Paraffin encapsulated in beach sand material as a new way to store heat from the sun

(Nanowerk News) The search for sustainable new materials to store heat captured from the sun for release during the night has led scientists to a high-tech combination of paraffin wax and sand. Their report on the heat-storing capability of this microencapsulated sand appears in ACS Sustainable Chemistry & Engineering ("Fabrication and Properties of Microencapsulated Paraffin@SiO2 Phase Change Composite for Thermal Energy Storage").
microencapsulated sand
Combining a mixture of sand and paraffin wax produces a more sustainable material for storing heat from the sun for use at night.

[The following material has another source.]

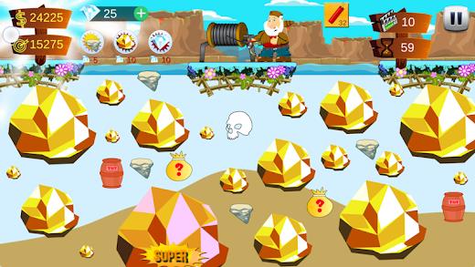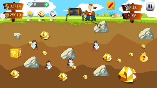 1、点击屏幕控制爪钩方向,在合适时机放下,抓取黄金、宝石或宝藏。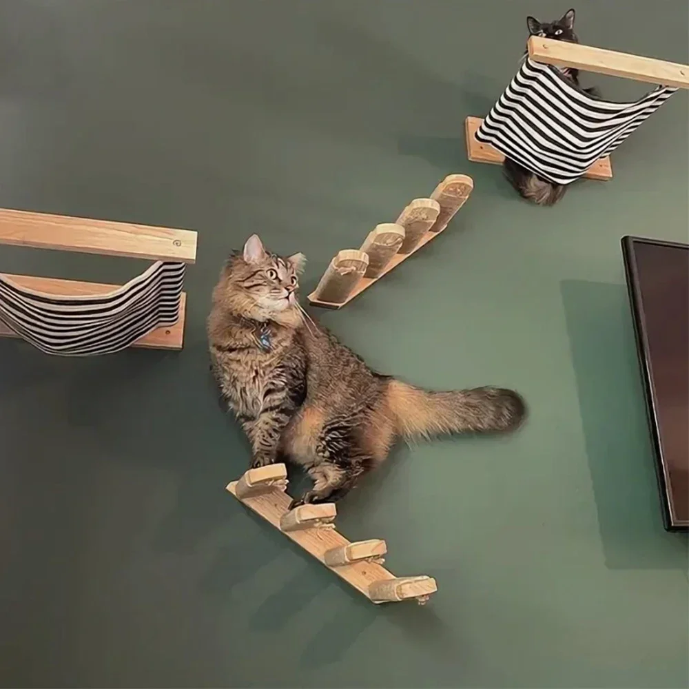 Juego de muebles de pared para gatos, poste para rascar y escalar, hamaca, cama, estantes de madera para escaleras, casa interior para gatitos, 1 ud.

Benxia Li and colleagues explain the need for better materials that can store and release heat. These so-called "phase-change" materials" (PCMs) are essential, for instance, for storing heat from the sun for use in providing energy at night or during cloudy periods. PCMs absorb, store and release heat when changing "phases" from a solid to a liquid and vice versa. They have applications that range from expanding use of solar energy to heat-regulating greenhouses to clothing that keeps soldiers or campers warm on cold nights outdoors. Existing PCMs have disadvantages, such as the tendency to leak or catch fire, and Li's team set out to find a better material.
They describe a new approach to using paraffin as a PCM. Made from petroleum, paraffin is a waxy material that absorbs heat, melts into a liquid and releases heat as it solidifies. It involves encapsulating paraffin into tiny spheres of silicon dioxide, the stuff of beach sand. The microencapsulated paraffin has several advantages, including a large surface area that can transfer heat, less reactivity with the environment and less likelihood of leaking as it changes phases. Li's team reports successful tests of the material for 30 melting-solidifying cycles with no leaks at a temperature of 158 degrees Fahrenheit. "The high heat storage capability and good thermal stability of the composite enable it to be a potential material to store thermal energy in practical applications," the report concluded.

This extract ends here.